Manthakkali vathal kuzhambu is a tangy and spicy tamarind based gravy prepared with dried blacknight shade berries. No onion no garlic step by step pictures recipe.
I took these manathakkali vathal from my mami during my last trip to India. I have made vathal kuzhambu couple of times and it’s about to finish as I took very very less. So I thought before running out of vathal, I should post this recipe in my blog. Not a big fan of vathal in kuzhambu, I better like to have it fried and had as curd rice side dish. Yet wanted to make this time because felt like having after a bad viral infection 🤒.
We always make kuzhambu with small onion and garlic, but making without both was really so easy and was done in a jiffy. Even for the kootu I did not add onion today. So the whole cooking work was done so easily I felt😀.
Manathakkali vathal kuzhambu steps:
- If using tamarind, soak in hot water for 20 mins, extract tamarind juice and adjust the total quantity of water to measure 3 & ½ cups.
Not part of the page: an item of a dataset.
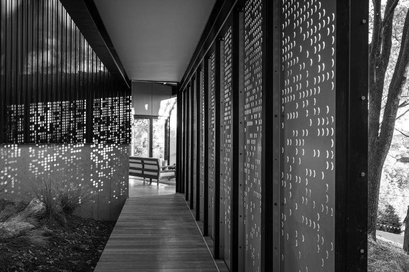 The siting of the house created a nice play between the built structure and the landscape. The detailing of the screens was particularly strong – creating separation of space and creating interesting and changing patterns of light. We felt the entry sequence very well choreographed – from the driveway, to the garage, to moving into the house and through the house. The quality of detail was excellent throughout the house. So many different places to enjoy views of the surrounding landscape.

- Heat a kadai with oil. Splutter mustard, add urad dal, toor dal, cumins seeds, curry leaves and asafoetida. Roast until dals turn golden.
- Add manathakkali vathal and roast for a minute. Transfer the content to a heavy bottomed vessel. Add sambar powder, turmeric, red chilli powder, salt.
- Since I used tamarind paste, I added water, boil well with tamarind extract.
- Boil for 15 mins. Towards end, dissolve rice flour in a tbsp of water and mix.
- Add jaggery, mix well and switch off the flame.